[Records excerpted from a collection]
****************************************

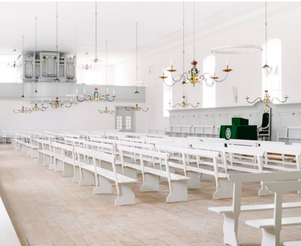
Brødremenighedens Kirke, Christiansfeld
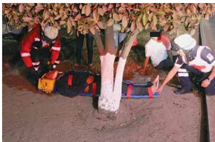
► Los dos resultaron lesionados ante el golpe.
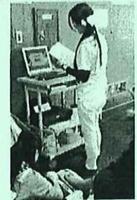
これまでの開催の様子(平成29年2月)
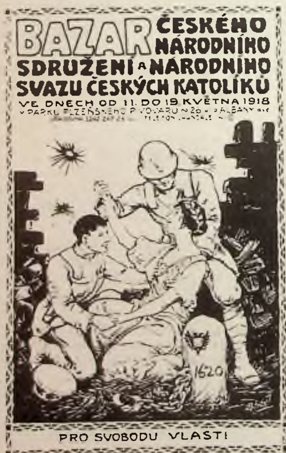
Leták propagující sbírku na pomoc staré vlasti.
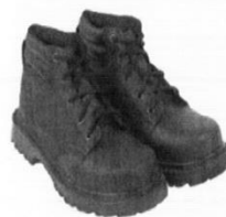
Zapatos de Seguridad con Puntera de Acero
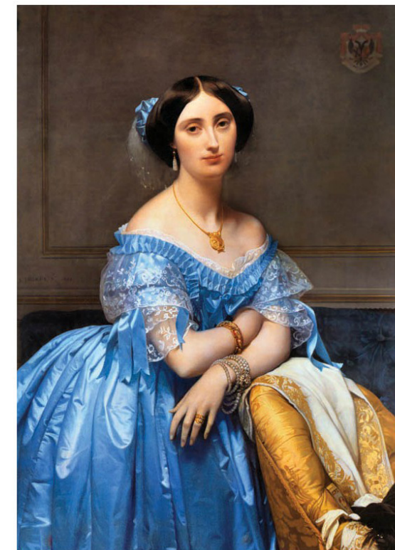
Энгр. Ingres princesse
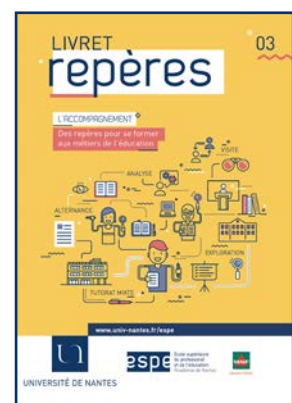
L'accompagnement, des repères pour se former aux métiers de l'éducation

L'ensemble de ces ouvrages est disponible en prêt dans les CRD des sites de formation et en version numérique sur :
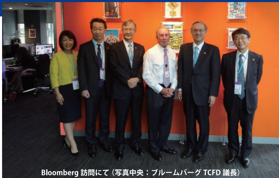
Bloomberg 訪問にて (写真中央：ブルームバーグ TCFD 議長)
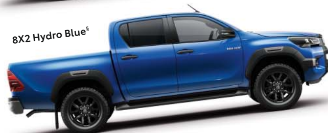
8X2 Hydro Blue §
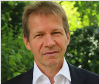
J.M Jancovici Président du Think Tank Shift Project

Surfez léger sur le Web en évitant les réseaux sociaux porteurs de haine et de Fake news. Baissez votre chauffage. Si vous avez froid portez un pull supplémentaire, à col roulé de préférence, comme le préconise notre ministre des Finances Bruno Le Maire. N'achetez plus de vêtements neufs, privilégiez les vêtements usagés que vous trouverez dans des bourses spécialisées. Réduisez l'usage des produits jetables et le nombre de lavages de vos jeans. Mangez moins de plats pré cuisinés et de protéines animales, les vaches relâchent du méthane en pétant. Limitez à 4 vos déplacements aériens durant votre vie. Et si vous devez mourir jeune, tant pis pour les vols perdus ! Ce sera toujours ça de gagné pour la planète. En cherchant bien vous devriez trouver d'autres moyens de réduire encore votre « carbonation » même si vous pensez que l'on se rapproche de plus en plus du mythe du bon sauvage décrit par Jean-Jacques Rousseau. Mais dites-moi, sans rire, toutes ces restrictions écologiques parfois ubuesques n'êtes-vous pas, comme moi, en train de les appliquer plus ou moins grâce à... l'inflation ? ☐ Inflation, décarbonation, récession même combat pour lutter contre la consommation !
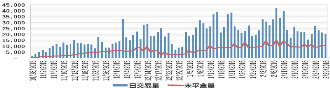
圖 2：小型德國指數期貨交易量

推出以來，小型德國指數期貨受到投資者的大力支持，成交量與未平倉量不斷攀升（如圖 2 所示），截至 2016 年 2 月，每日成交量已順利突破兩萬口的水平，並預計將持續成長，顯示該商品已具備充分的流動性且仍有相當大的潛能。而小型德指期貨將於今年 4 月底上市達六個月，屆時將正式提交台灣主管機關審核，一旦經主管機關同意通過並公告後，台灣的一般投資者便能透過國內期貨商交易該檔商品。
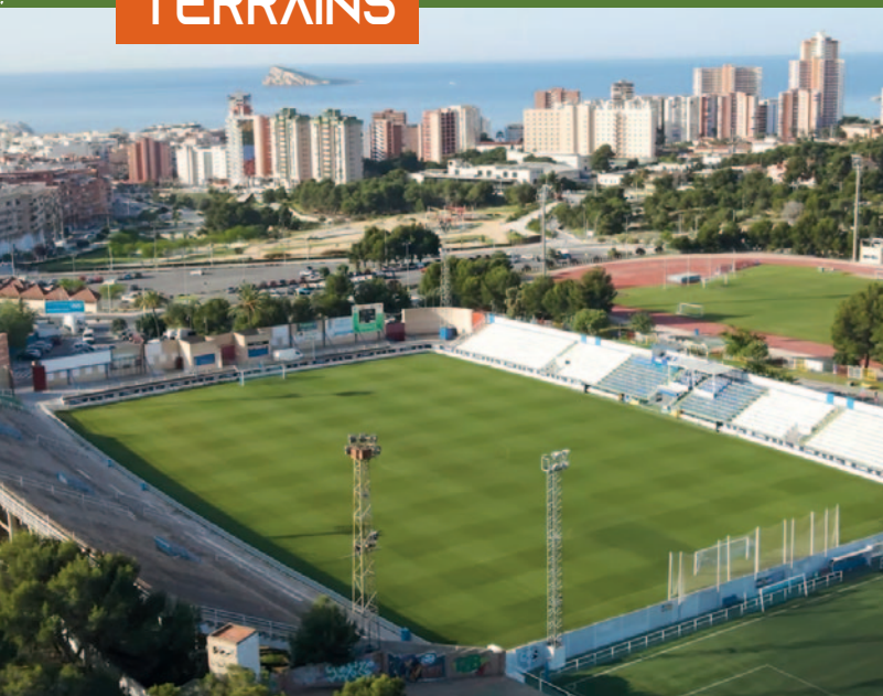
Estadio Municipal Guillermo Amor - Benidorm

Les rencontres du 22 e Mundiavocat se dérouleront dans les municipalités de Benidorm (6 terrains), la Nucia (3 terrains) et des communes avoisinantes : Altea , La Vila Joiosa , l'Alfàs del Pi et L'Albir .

****************************************

_Exercise aim:_ Output a precise copy of the entries, leaving the images out.

_Finished task:_
Brødremenighedens Kirke, Christiansfeld
► Los dos resultaron lesionados ante el golpe.
これまでの開催の様子(平成29年2月)
Leták propagující sbírku na pomoc staré vlasti.
Zapatos de Seguridad con Puntera de Acero
Энгр. Ingres princesse
L'accompagnement, des repères pour se former aux métiers de l'éducation

L'ensemble de ces ouvrages est disponible en prêt dans les CRD des sites de formation et en version numérique sur :
Bloomberg 訪問にて (写真中央：ブルームバーグ TCFD 議長)
8X2 Hydro Blue §
J.M Jancovici Président du Think Tank Shift Project

Surfez léger sur le Web en évitant les réseaux sociaux porteurs de haine et de Fake news. Baissez votre chauffage. Si vous avez froid portez un pull supplémentaire, à col roulé de préférence, comme le préconise notre ministre des Finances Bruno Le Maire. N'achetez plus de vêtements neufs, privilégiez les vêtements usagés que vous trouverez dans des bourses spécialisées. Réduisez l'usage des produits jetables et le nombre de lavages de vos jeans. Mangez moins de plats pré cuisinés et de protéines animales, les vaches relâchent du méthane en pétant. Limitez à 4 vos déplacements aériens durant votre vie. Et si vous devez mourir jeune, tant pis pour les vols perdus ! Ce sera toujours ça de gagné pour la planète. En cherchant bien vous devriez trouver d'autres moyens de réduire encore votre « carbonation » même si vous pensez que l'on se rapproche de plus en plus du mythe du bon sauvage décrit par Jean-Jacques Rousseau. Mais dites-moi, sans rire, toutes ces restrictions écologiques parfois ubuesques n'êtes-vous pas, comme moi, en train de les appliquer plus ou moins grâce à... l'inflation ? ☐ Inflation, décarbonation, récession même combat pour lutter contre la consommation !
圖 2：小型德國指數期貨交易量

推出以來，小型德國指數期貨受到投資者的大力支持，成交量與未平倉量不斷攀升（如圖 2 所示），截至 2016 年 2 月，每日成交量已順利突破兩萬口的水平，並預計將持續成長，顯示該商品已具備充分的流動性且仍有相當大的潛能。而小型德指期貨將於今年 4 月底上市達六個月，屆時將正式提交台灣主管機關審核，一旦經主管機關同意通過並公告後，台灣的一般投資者便能透過國內期貨商交易該檔商品。
Estadio Municipal Guillermo Amor - Benidorm

Les rencontres du 22 e Mundiavocat se dérouleront dans les municipalités de Benidorm (6 terrains), la Nucia (3 terrains) et des communes avoisinantes : Altea , La Vila Joiosa , l'Alfàs del Pi et L'Albir .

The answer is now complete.